KARLSRUHE, 12. Juni. Der Bundesgerichtshof (BGH) verhandelte am Donnerstag in Karlsruhe über die Klage von vier Geschwistern, die bei dem Massenmord der SS am 10. Juni 1944 in Distomo ihre Eltern und Verwandten verloren hatten. Nach einem Partisanenangriff im Nachbarort hatte die SS dort Kinder, Frauen und Alte zusammengetrieben. Sie tötete 218 Menschen.
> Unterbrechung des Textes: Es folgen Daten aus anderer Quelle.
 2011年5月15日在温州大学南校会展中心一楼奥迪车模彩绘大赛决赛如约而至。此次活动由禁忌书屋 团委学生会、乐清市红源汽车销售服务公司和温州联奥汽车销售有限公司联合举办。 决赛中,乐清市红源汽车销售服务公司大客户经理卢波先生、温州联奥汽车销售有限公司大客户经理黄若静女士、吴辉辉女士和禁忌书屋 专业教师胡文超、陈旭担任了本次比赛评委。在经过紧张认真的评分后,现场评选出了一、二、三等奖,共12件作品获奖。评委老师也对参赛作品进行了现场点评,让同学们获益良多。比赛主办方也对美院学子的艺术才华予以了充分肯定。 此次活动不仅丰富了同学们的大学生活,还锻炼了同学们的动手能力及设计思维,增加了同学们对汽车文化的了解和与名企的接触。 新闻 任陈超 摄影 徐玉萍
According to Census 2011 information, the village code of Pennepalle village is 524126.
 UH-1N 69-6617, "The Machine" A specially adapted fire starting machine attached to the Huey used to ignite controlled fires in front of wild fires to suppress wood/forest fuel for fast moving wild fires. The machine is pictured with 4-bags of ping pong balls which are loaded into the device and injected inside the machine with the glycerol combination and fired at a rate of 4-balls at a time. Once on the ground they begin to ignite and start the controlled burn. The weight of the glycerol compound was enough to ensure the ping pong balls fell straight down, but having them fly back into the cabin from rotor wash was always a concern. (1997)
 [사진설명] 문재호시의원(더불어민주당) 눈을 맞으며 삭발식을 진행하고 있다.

Im Namen der Bundesregierung erklärte der Rechtsanwalt Achim Krämer jetzt, die Regierung "bedauert die große Zahl von Schäden an Leben, Gesundheit, Freiheit und Vermögen zutiefst".

Vor acht Jahren hatten die Hinterbliebenen die Bundesrepublik als Rechtsnachfolger des Deutschen Reiches auf Schadenersatz verklagt. Das Oberlandesgericht Köln wies sie 1998 ab, da nach internationalem Völkerrecht nur die Staaten Reparationsleistungen aushandeln könnten. Einen individuellen Schadenersatzanspruch der Opfer gebe es nicht. Gegen das Urteil legten die vier Kläger Revision ein.
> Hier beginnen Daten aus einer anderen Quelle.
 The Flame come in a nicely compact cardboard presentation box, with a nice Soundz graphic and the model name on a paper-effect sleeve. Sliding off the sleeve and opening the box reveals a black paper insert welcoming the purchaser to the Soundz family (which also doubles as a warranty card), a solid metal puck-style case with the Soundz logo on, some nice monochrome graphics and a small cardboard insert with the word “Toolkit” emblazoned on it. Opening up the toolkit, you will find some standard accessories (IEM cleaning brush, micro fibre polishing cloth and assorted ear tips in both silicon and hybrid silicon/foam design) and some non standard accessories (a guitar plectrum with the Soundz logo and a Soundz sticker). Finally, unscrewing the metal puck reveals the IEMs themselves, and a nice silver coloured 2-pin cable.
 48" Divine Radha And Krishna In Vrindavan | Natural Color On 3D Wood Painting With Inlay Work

Dass es sich bei der so genannten Sühneaktion vom 10. Juni 1944 um ein völkerrechtswidriges Unrecht handelte, war am Donnerstag unstreitig. Krämer führte in seiner Erklärung aus, dass "Distomo für ein besonders brutales, aber leider nicht einmaliges Vorgehen deutscher Soldaten im Zweiten Weltkrieg" stehe. Individuelle Ansprüche der Opfer könne es dennoch nicht geben, da Verstöße gegen die seit 1907 geltende Haager Landkriegsordnung - sie verlangt, dass Besatzer Leib und Leben der Zivilbevölkerung schonen müssen - nur Ansprüche der Staaten untereinander begründeten. Das sei nach dem Krieg einhellige Völkerrechtslehre gewesen, sagte der Anwalt der Bundesregierung.

Zwar gebe es in jüngerer Zeit andere Meinungen, eine neue Völkerrechtspraxis gebe es aber nicht. Auch das deutsche Amtshaftungsrecht begründe keine Ansprüche der Opfer. Denn rechtswidriges Handeln im Rahmen kriegerischer Auseinandersetzungen sei von der Amtshaftung ausgeschlossen.
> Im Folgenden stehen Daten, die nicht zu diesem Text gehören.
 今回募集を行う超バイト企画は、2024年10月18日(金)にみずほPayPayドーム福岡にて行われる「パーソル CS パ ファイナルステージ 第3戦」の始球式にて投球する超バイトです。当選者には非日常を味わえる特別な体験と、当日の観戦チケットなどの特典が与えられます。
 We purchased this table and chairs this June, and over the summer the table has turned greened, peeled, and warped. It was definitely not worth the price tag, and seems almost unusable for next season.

Der Rechtsanwalt der Opfer, Joachim Kummer, widersprach. Es sei ein "unerträglicher Widerspruch", dass den Opfern nachweislich schwerstes Unrecht widerfahren sei, es aber keine Grundlage für ihre Forderungen geben solle. Dem sei auch nicht so. Nach neuerer Rechtsmeinung bestehe bei Völkerrechtsverletzungen auch ein individueller Schadenersatzanspruch.

Unabhängig davon seien nach deutschem Recht Ansprüche wegen Verletzung der Amtspflicht nicht ausgeschlossen, sagte Kummer. Denn es habe keine Kriegshandlung vorgelegen. Der Partisanenangriff sei bereits abgeschlossen gewesen, als Distomo abgebrannt wurde.

Das Urteil wird voraussichtlich in zwei Wochen gesprochen.